(Stored entries)
[Start of Attachment]

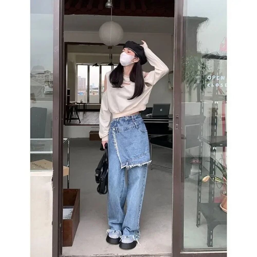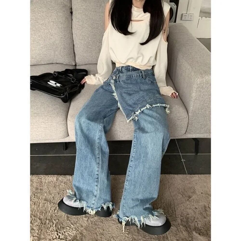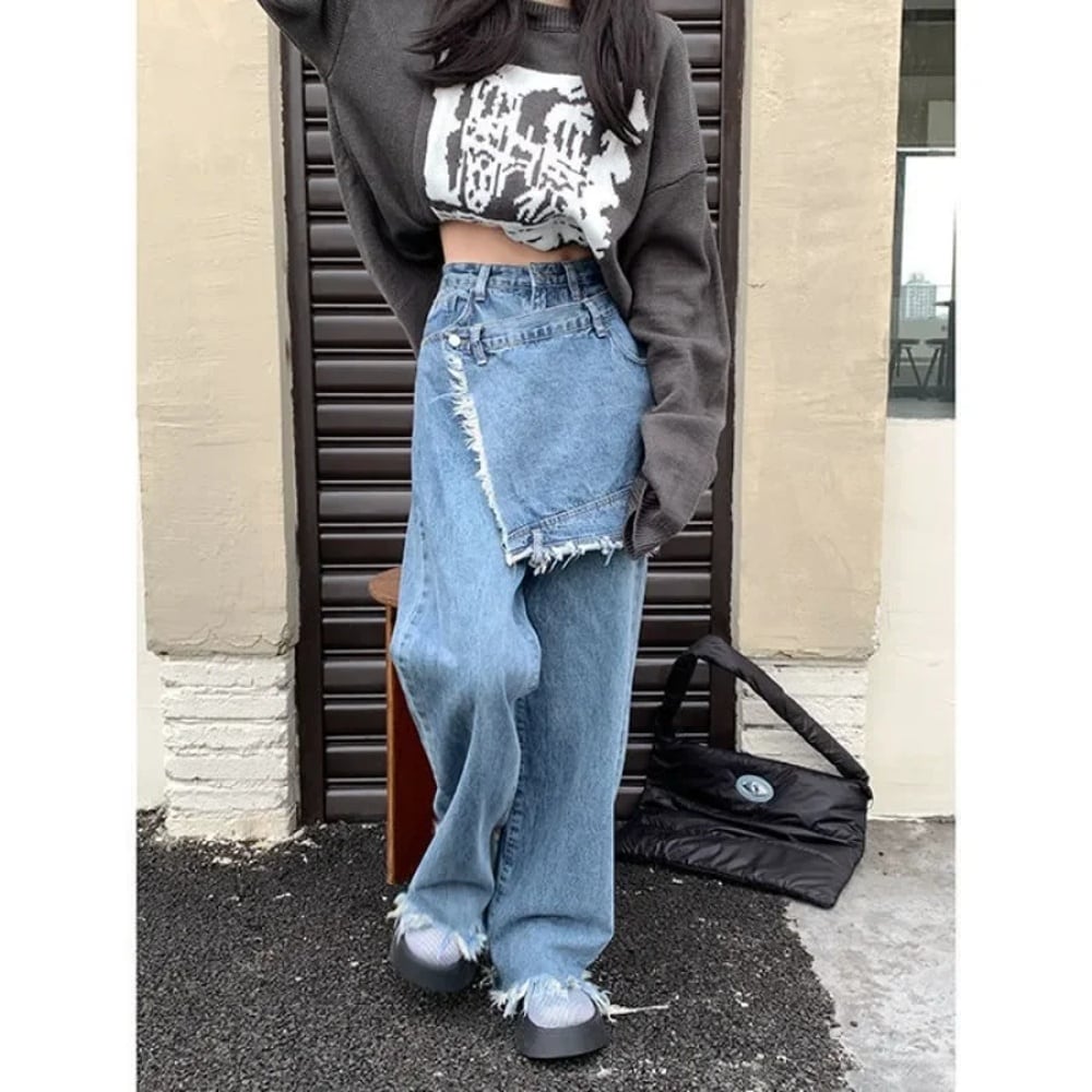 女性のためのdeeptownバギーパッチワークジーンズ、韓国のヴィンテージワイドレッグパンツ、ハイウエストストレートパンツのスカート、y2k T240926110135_01
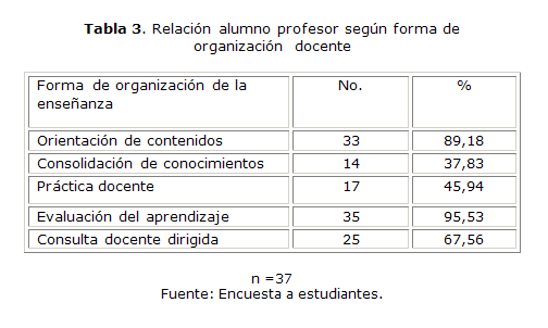 En la tabla 3 se muestra la relación de los estudiantes con los profesores en las diversas formas organizativas de la enseñanza, los estudiantes se relacionan mejor con sus profesores en la actividad de Evaluación y en la Orientación de los contenidos. Los informantes clave entrevistados refieren en su totalidad, que los profesores no están aptos para realizar la atención a las individualidades de los estudiantes que tienen en los distintos escenarios docentes, teniendo en cuenta la poca preparación pedagógica, el trabajo asistencial y el tiempo que se le dedica a la preparación de los contenidos a impartir.
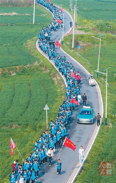 4月1日,安徽省芜湖市繁昌区恒杰双语学校400余名师生徒步12公里赴烈士陵园,以“行走的思政课”缅怀革命先烈。
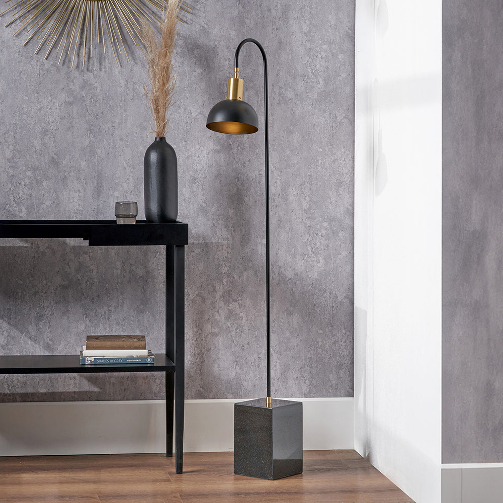 This stunning task floor lamp, finished in matt black metal, and brushed brass metal is the epitome of style. The sleek Mayfair floor lamp with a domed, moveable lampshade allows you to pinpoint the light source to where you need it the most. This stylish floor lamp, with a beautiful block of black marble for the base, will look fabulous in your living room, dining kitchen, or entrance hall, for extra light and style.
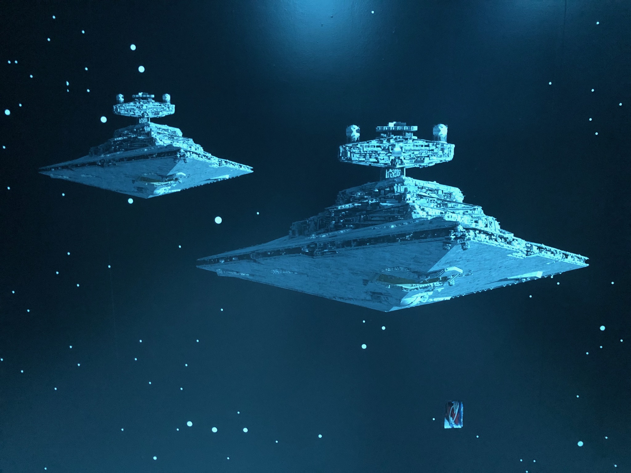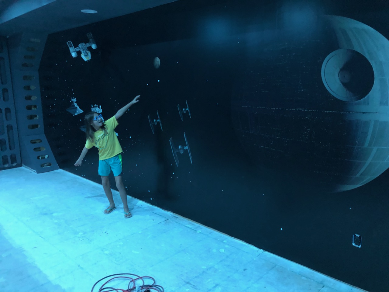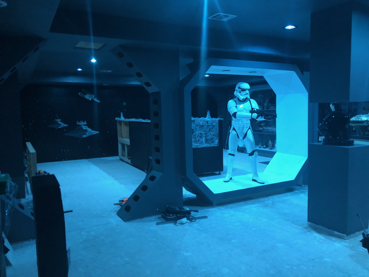 This is such an amazing area…1,800 square feet…. with panels cut to resemble the interior of the Death Star, and the lighting effects as well.
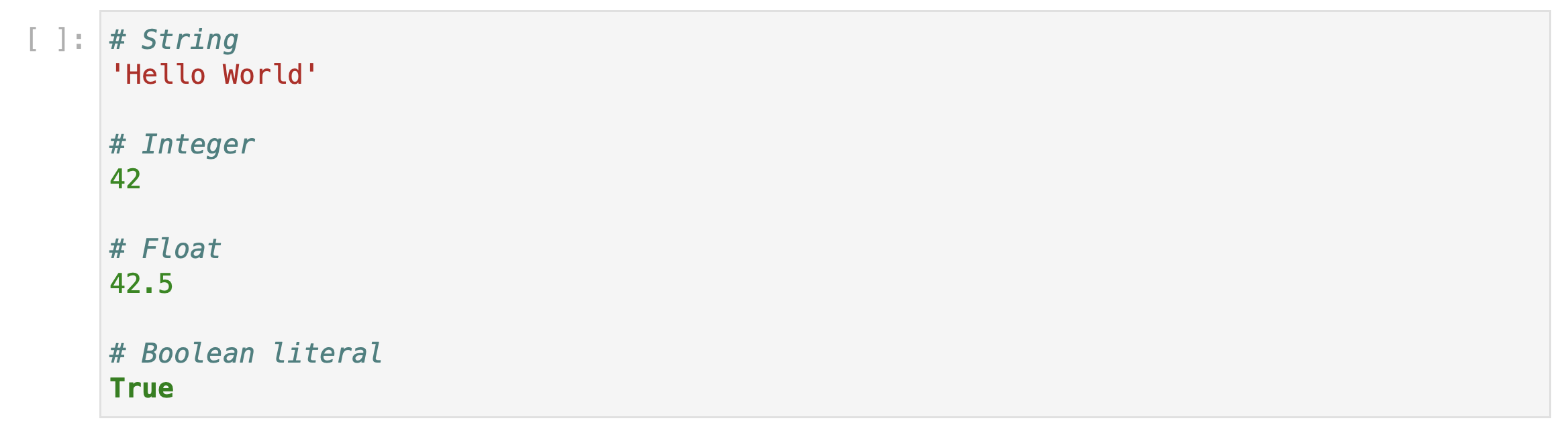 Each of these are example of literals. Just like Excel, Python uses different syntax to define different types of literals. Most importantly, if you want to create a string literal, make sure to put quotes around it!
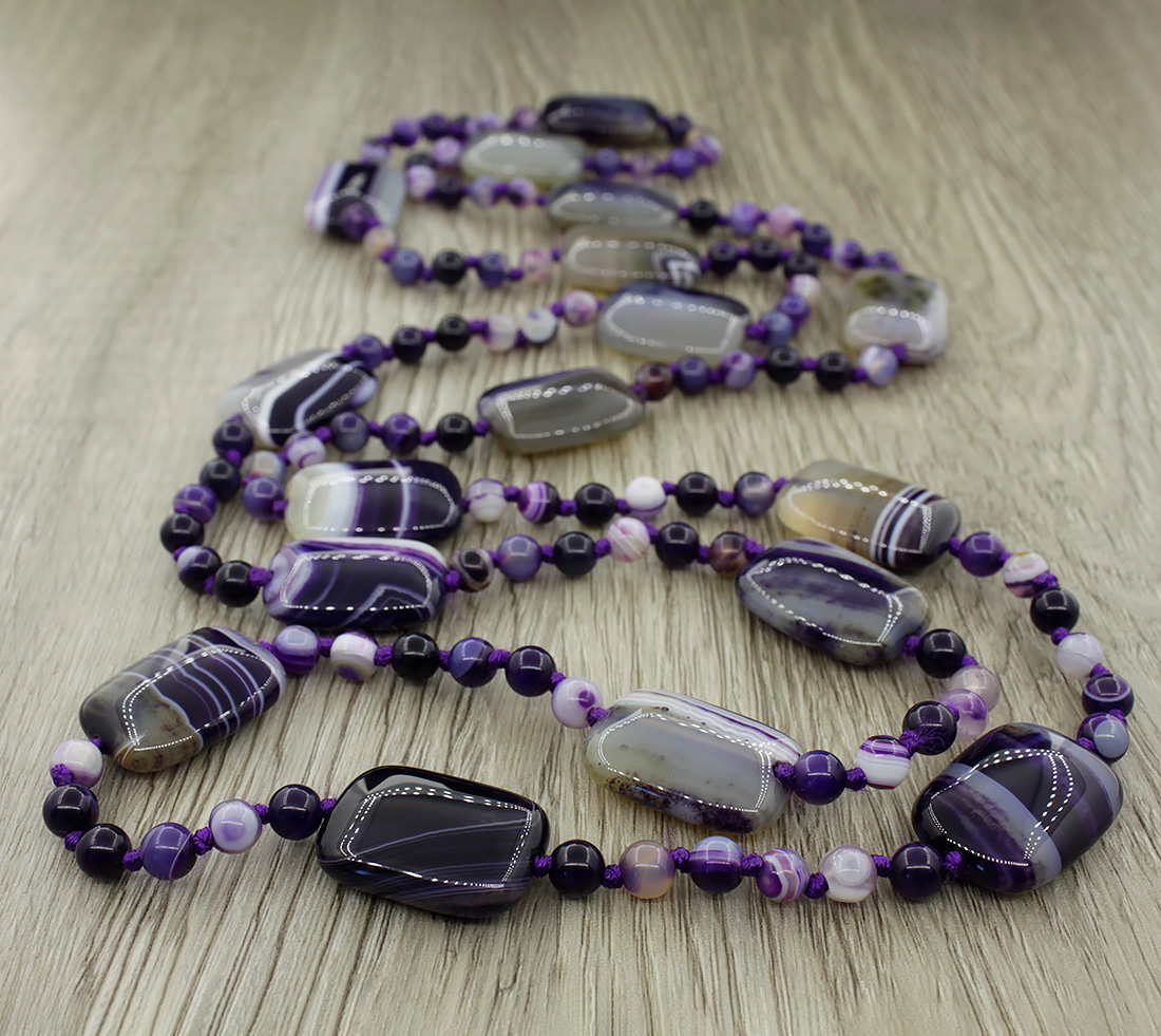 Агат фиолетовый (Бразилия), плоские прямоугольные бусины 18x25мм, бусы "Гармония" длиной 122см
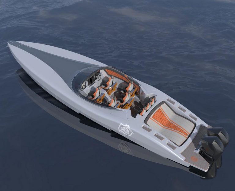 Il risultato è una carena talmente sottile che, con un peso a vuoto di 3100 kg, la barca sarà circa 30% più leggera di ogni altro modello di questo tipo sul mercato.
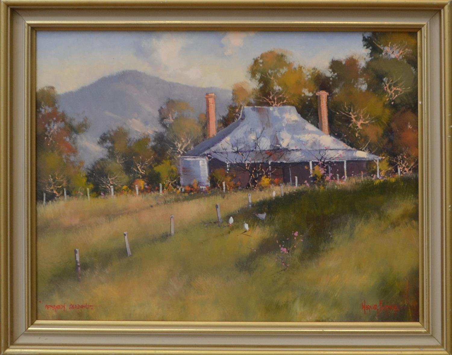 WERNER FULIPICH, AFTERNOON SHADOWS, OIL ON BOARD, IMAGE SIZE: 34 X 44CM, CONDITION: GOOD CONDITION, MINOR SURFACE SPOTS, FRAME SIZE: 42 X 52CM
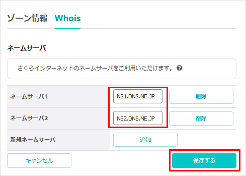3『ネームサーバー1』と『ネームサーバー2』に記入されている情報を、弊社のネームサーバー情報に変更し、『保存する』をクリックします。

[End of Attachment]

• _REQUIREMENT_
Your copy should hold only the lines above from the one containing "Il risultato è" through the one containing "WERNER FULIPICH, AFTERNOON", exactly as written and free of pictures.

• _SOLUTION_
 Il risultato è una carena talmente sottile che, con un peso a vuoto di 3100 kg, la barca sarà circa 30% più leggera di ogni altro modello di questo tipo sul mercato.
 WERNER FULIPICH, AFTERNOON SHADOWS, OIL ON BOARD, IMAGE SIZE: 34 X 44CM, CONDITION: GOOD CONDITION, MINOR SURFACE SPOTS, FRAME SIZE: 42 X 52CM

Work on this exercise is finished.